In her long life, Betty Friedan did much more than write an important book. In nineteen sixty-six she helped establish NOW, the National Organization for Women. She served as its first president. Four years later she led a march of one-half million women in New York City. The event was called "Women's Strike for Equality."
A year later, she helped establish the National Women's Political Caucus. She said America needed more women in public office if women were to gain equal treatment. She also worked hard for an Equal Rights Amendment to the Constitution.
Betty Friedan wrote more books as she grew older. One of these, "Life So Far", was published when she was almost eighty. By that time, she had become deeply involved in the struggle for the rights of old people.
Betty Friedan died earlier this year, on her eighty-fifth birthday. You can hear more about her life and work Sunday on the Special English program People in America.
Los Lonely Boys
The group called Los Lonely Boys has a new record called "Sacred." Mario Ritter tells about the album and plays a few songs.
Critics say "Sacred" is a lively combination of dance songs and love songs that have great guitar playing and rich vocals.
The three Garza brothers in Los Lonely Boys are from Texas. Their father, Enrique Garza, taught the boys how to play all their instruments. He also let them play in his band while they were growing up.
The boys honor their father on the album with a special guest appearance in this song, "Outlaws." The famous singer Willie Nelson also joins in.

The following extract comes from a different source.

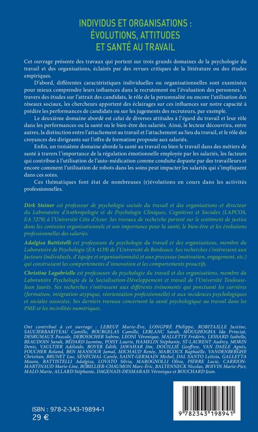 Cet ouvrage présente des travaux qui portent sur trois grands domaines de la psychologie du travail et des organisations, éclairés par des revues critiques de la littérature ou des études empiriques. Une première partie porte le regard sur des individus dans des contextes de recrutement et dans les performances au travail. Le deuxième domaine abordé est celui de diverses attitudes à l'égard du travail et leur rôle dans les performances ou le bien-être des salariés. Enfin, l'ouvrage aborde les différentes facettes de la santé au travail ou bien le travail dans des métiers de santé à travers l'importance de la régulation émotionnelle employée par les salariés, les facteurs qui contribue à l'utilisation de l'auto-médication comme conduite dopante par des travailleurs et encore comment l'utilisation de robots dans les soins peut impacter les salariés.

The Garza brothers say their father taught them to always help each other while performing on stage. If one is having trouble with an instrument or makes a mistake, the other two just have to play harder. The main guitarist, Henry Garza, also says his father used to say, "If one string breaks, you still have five others."
Here is a hit single from "Sacred" called "Diamonds."
A music critic for the San Francisco Chronicle called Henry Garza, "the ball of fire at the center of Los Lonely Boys." We leave you now with the band and its burning hot guitar sound in another song from "Sacred," "Living My Life."
I'm Doug Johnson. I hope you enjoyed our program today.